Cells were collected and lysed in radioimmunoprecipitation assay buffer (Roche) containing 1× Halt Protease Inhibitor Cocktail (cat. no. 78429, Thermo Fisher Scientific) and 1× PhosStop (cat. no. 4906837001, Roche) for 30 min on ice, clarified at 13,000g at 4 °C for 15 min, the supernatant was transferred to new 1.5-ml tubes, 4× loading buffer (250 mM Tris-HCl, pH 6.8, 8% SDS, 40% glycerol, 20% β-mercaptoethanol, 0.008% bromophenol blue) added and the samples were heated to 95 °C for 5 min. Cell lysates were resolved by a 4–15% SDS–polyacrylamide gel electrophoresis (PAGE), transferred to 0.2-μm nitrocellulose membranes, which were blocked with 5% nonfat skimmed milk for 1 h at ambient temperature and incubated with the desired antibodies diluted in 5% BSA using a standard immunoblotting procedure and detection using electrochemiluminescence (Merck Millipore). Images were quantified with ImageJ using densitometry and normalized to GAPDH or tubulin loading controls. For immunoprecipitation, GFP-trap (cat. no. GTA-20, Chromotech) or FLAG M2 (cat. no. A2220, Sigma-Aldrich) agarose was used. Lysates were collected in 25 mM Tris, pH 7.4, 150 mM NaCl, 1% TritonX-100, 1× Halt Protease Inhibitor Cocktail and 1× PhosStop, clarified at 13,000g at 4 °C for 15 min, incubated with antibody-bound beads at 4 °C for 2 h to overnight. Beads were washed three times with lysis buffer at 4 °C and eluted with 2× protein sample buffer (for GFP-trap) or 3× FLAG peptide competition (for FLAG M2) and subjected to SDS–PAGE or mass spectrometry. Uncropped gels, blots and scans provided (Supplementary Fig. 2).

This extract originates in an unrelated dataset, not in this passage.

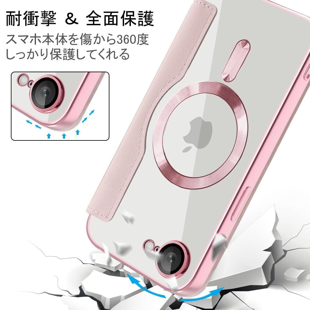 【特価セール】【REHOOF】iPhone 16e ケース 手帳型 magsafe対応 6.1インチ 背面 透明 クリア 財布型 アイフォン 16E ケース マグセーフ 手帳 ワイヤレス充電対応 カード入れ PU革 レザー いphone16 SE4 スマホケース 軽量 薄型 防塵 耐衝撃 全面保護 スマホカバー(ピンク) | impsmile

RNA isolation, sequencing and quantitative PCR

Total RNA was extracted from cells with the RNeasy Plus Mini Kit (cat. no. 74136, QIAGEN) according to the manufacturer’s instructions. RNA was quantified using NanoDrop; RNA integrity was measured with an Agilent Bioanalyzer. Samples were subjected to RNA-seq using an Illumina NovaSeq 6000 (HiSeq paired-end, 100 bp). The base calling data from the sequencer were transferred into FASTQ files, using the bcl2fastq2 conversion software v.2.20 (Illumina). PartekFlow (a start-to-finish software analysis solution for NGS data applications) was used to determine DEGs. For the quantitative PCR with reverse transcription (RT–qPCR) analysis, reverse transcription was performed with the iScript Reverse Transcription Supermix for RT–qPCR (Bio-Rad Laboratories). RT–qPCR was performed with the SsoAdvanced Universal SYBR Green Supermix (Bio-Rad Laboratories). The expression of target genes was normalized to GAPDH. The RT–qPCR primers are listed in Supplementary Table 5.

Quantification, statistics and reproducibility

ImageJ v.1.51 (National Institutes of Health) was used for morphometric analysis. Graph preparation and statistical analysis was performed using Prism 10.0 (GraphPad Software). Unless otherwise indicated, all experiments were repeated at least three times, as described in the figure legends. Data were considered normally distributed and statistical significance was performed using a two-tailed Student t-test for two-group comparisons, a one-way ANOVA with Tukey post hoc analysis or a two-way ANOVA with Bonferroni correction for multiple comparisons, as described in the figure legends. Data are presented as the mean ± s.e.m.

Reporting summary

Further information on research design is available in the Nature Portfolio Reporting Summary linked to this article.